**PROVIDED INFORMATION**

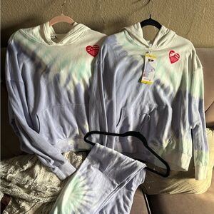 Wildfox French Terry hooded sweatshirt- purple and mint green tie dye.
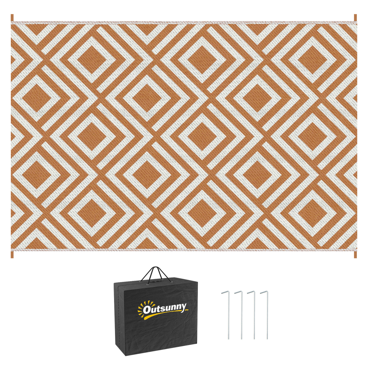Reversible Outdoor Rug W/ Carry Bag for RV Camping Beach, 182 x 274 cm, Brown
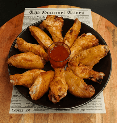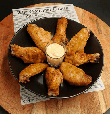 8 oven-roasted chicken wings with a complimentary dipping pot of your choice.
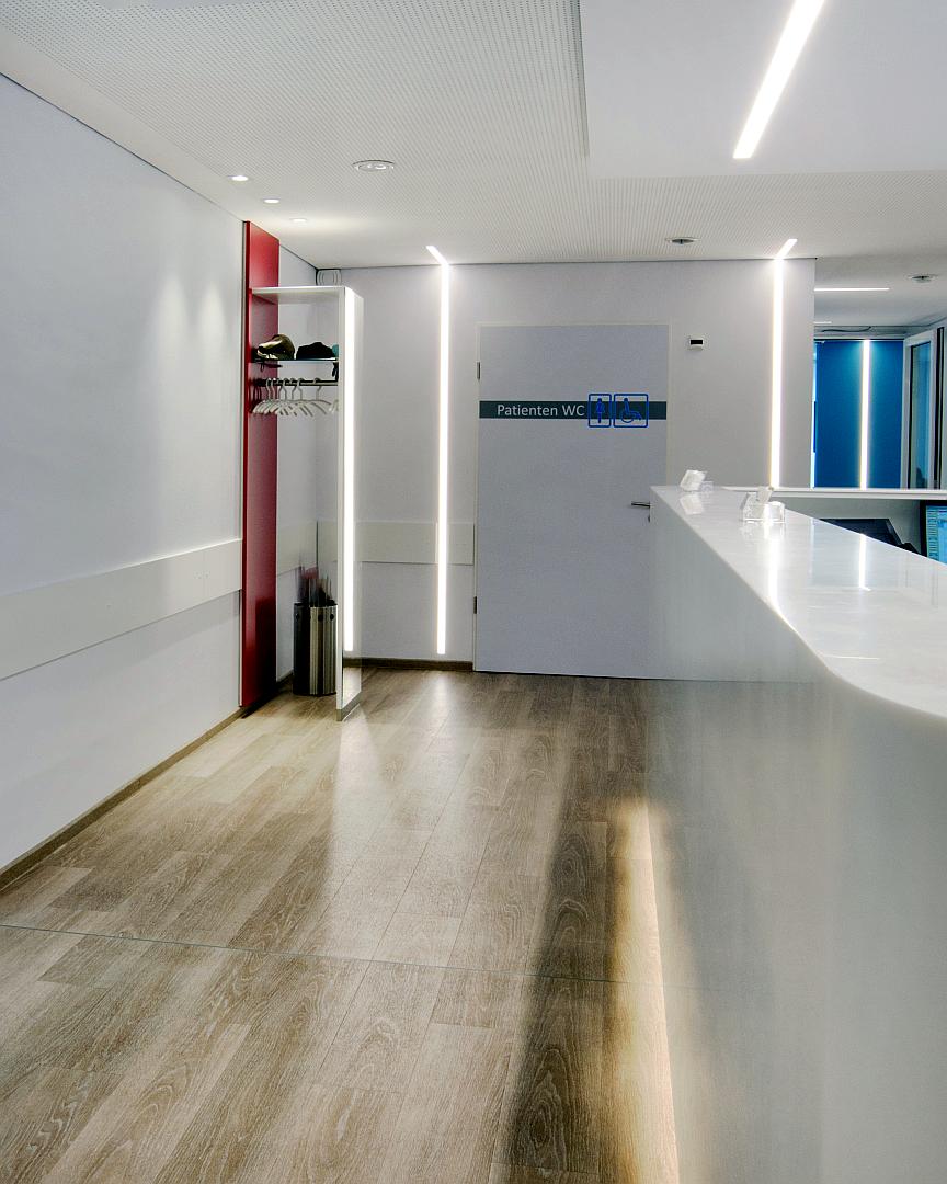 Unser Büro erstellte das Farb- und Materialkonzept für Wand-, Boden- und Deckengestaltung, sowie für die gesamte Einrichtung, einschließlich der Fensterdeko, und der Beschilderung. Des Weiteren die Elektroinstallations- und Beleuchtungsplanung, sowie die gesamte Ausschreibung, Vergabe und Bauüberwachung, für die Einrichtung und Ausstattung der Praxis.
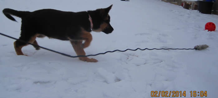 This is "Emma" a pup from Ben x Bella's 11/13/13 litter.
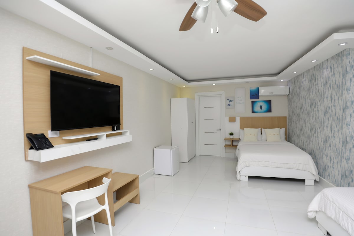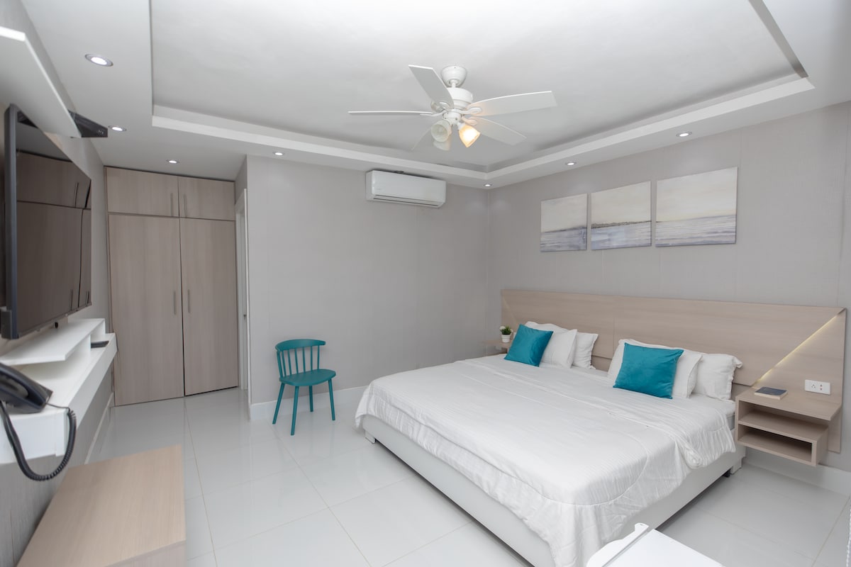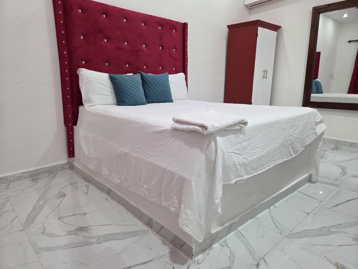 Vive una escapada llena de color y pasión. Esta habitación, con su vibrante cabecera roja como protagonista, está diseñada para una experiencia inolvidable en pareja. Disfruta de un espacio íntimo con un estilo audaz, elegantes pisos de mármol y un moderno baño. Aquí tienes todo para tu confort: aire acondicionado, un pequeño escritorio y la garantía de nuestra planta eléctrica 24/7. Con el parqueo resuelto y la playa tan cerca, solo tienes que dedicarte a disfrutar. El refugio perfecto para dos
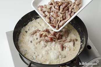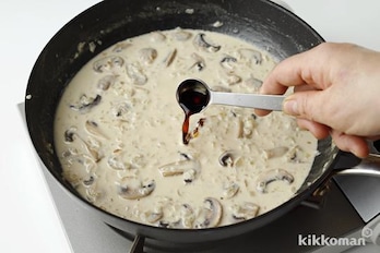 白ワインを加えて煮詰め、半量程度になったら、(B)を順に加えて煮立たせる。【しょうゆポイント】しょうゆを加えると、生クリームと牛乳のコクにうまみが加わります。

**WORK REQUEST**
Pictures in the entries do not go into the copy. Print only the lines starting at the one containing "Reversible Outdoor Rug" and ending at the one containing "Bella's 11/13/13 litter.", exactly as they appear.

**RESULT**
Reversible Outdoor Rug W/ Carry Bag for RV Camping Beach, 182 x 274 cm, Brown
 8 oven-roasted chicken wings with a complimentary dipping pot of your choice.
 Unser Büro erstellte das Farb- und Materialkonzept für Wand-, Boden- und Deckengestaltung, sowie für die gesamte Einrichtung, einschließlich der Fensterdeko, und der Beschilderung. Des Weiteren die Elektroinstallations- und Beleuchtungsplanung, sowie die gesamte Ausschreibung, Vergabe und Bauüberwachung, für die Einrichtung und Ausstattung der Praxis.
 This is "Emma" a pup from Ben x Bella's 11/13/13 litter.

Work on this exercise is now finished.